La dernière race est à chercher au niveau des lanceurs d’alerte qui se sont installés durablement sur la toile. Boris Bertolt en est le leader autoproclamé. Doctorant en histoire à l’université de Yaoundé 1 au Cameroun, il était alors également journaliste au service politique du quotidien Mutations, après avoir travaillé pour la rédaction du quotidien Le Jour. Aujourd’hui en France, il dit faire des recherches sur les questions migratoires, de citoyenneté, d’ethnicité, de race et d’identités. L’ancien de Mutations fait donc partie de ces communicateurs aux ordres des anti-Biya ayant estimé qu’ils ne pouvaient plus communiquer sur place et qui ont tout simplement choisi la voie de l’exil. On peut même subodorer que ce sont ces anti-Biya qui ont financé leur départ du Cameroun et qui les mettrait aux petits soins dans leurs pays d’accueil. Et pour continuer leur travail, ce sont ces ennemis de l’intérieur qui leur fournissent les documents mêmes les plus confidentiels qu’ils balancent sans état d’âme sur la toile. La mission est claire : faire feu de tout bois pour ternir l’image du régime chaque fois que l’occasion se présente. Catastrophe ferroviaire d’Eséka, c’est Paul Biya. On retire l’organisation de la Can au Cameroun, c’est Paul Biya. Juste un cran au-dessus de Boris Bertolt, mais dans le même registre, J. Remy Ngono. Exilé en France depuis quelques années, il fait partie de ceux qui en veulent énormément au régime Biya. Il devrait avoir ses raisons. S’il ne travaille pas directement pour Kamto, ce dernier bénéficie de ces publications contre le régime. Ce qui le classe inéluctablement du côté de ceux-là qui de l’extérieur ne font que ternir l’image du Cameroun. Tout en espérant faire exploser la République, ces exilés espèrent qu’ils auront de bonnes opportunités si le régime venait à tomber.

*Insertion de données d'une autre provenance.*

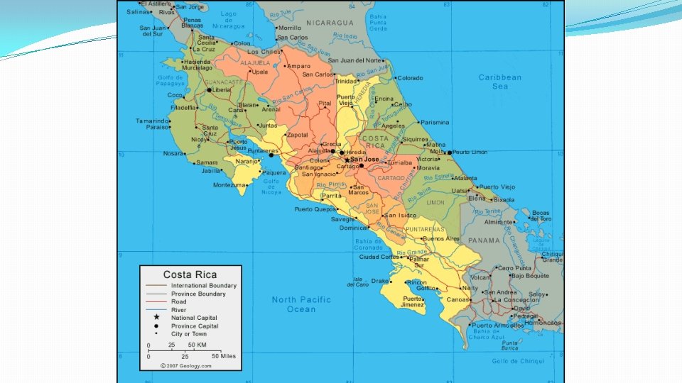 Geography �Borders the Caribbean Sea and the North Pacific Ocean and is between Nicaragua and Panama �Total area: 51, 100 square kilometers �Capital city: San José �Other big cities: Alajuela, Cartago, Heredia, Puntarenas

Sur place au pays, Paul Tchouta, surnommé le Tgv de l’info ne fait pas dans la dentelle. Relais attitré du Mrc dont il semble détenir la carte de membre, il se charge de balancer dans les différents foras auxquels il participe tout ce qui a trait à l’activité du Mrc et de ses leaders. Parfois avec un brin d’arrogance au point où ces derniers jours, il est menacé d’exclusion de tous les foras auxquels il participe activement. Mais l’homme ne se laisse pas faire. C’est dire que sa mission est fortement rétribuée. De quoi relayer au second plan, Mathieu Youbi, un de ses illustres devanciers dans la cyberactivité des pro-Kamto et la promotion du tribalisme. Tous ces lanceurs d’alerte n’ont pas fait dans la dentelle pour donner des insomnies aux tenants du pouvoir.